For those reasons I consider that I should allow the review, because on the face of the record there does appear to be a technical error, namely, the inclusion of the s.38(1)(b) further program condition. Accordingly, I grant the relief sought to that extent only, namely that I delete the further program condition, "supervision of a community corrections officer", which was made by the learned Judge in the County Court pursuant to s.38(1)(b) Sentencing Act 1991. I consider it is inappropriate to remit the matter back to the County Court for that to be done, as that would only involve unnecessary costs to the parties.
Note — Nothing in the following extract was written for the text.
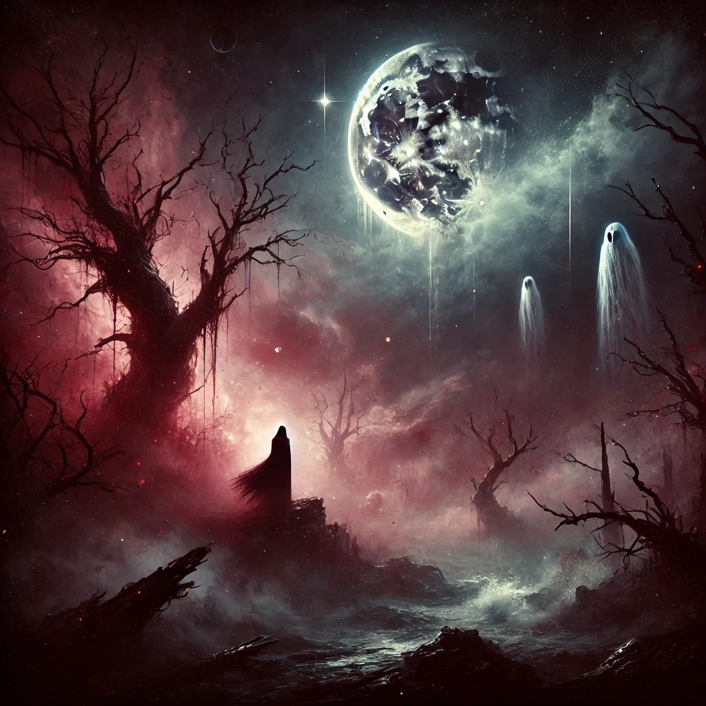 Haunting guitar arpeggios, deep synth drones, mournful bass, eerie echoes, ethereal pads, ghostly whispers, melancholic vocals, soft reverb, subtle delays, hypnotic rhythms, cinematic swells, dreamlike atmospher

Finally, I do not consider that the allowing of the review on that slip, for in truth it is a slip, justifies the allocation of any costs to the plaintiff or the ordering of each party to pay its own costs. The reason that the plaintiff came to this court was to have the convictions quashed. That has failed. The mere slip in relation to the further program condition was not the purpose of the proceedings before me and I do not consider in the circumstances that any costs should be allowed against the defendants, nor should any order be made where each party pay its own costs. I consider the substance and justice of the matter requires that the substance of the judgment be followed and as a consequence I order that the plaintiff pay the costs of the defendants of this Order 56 review.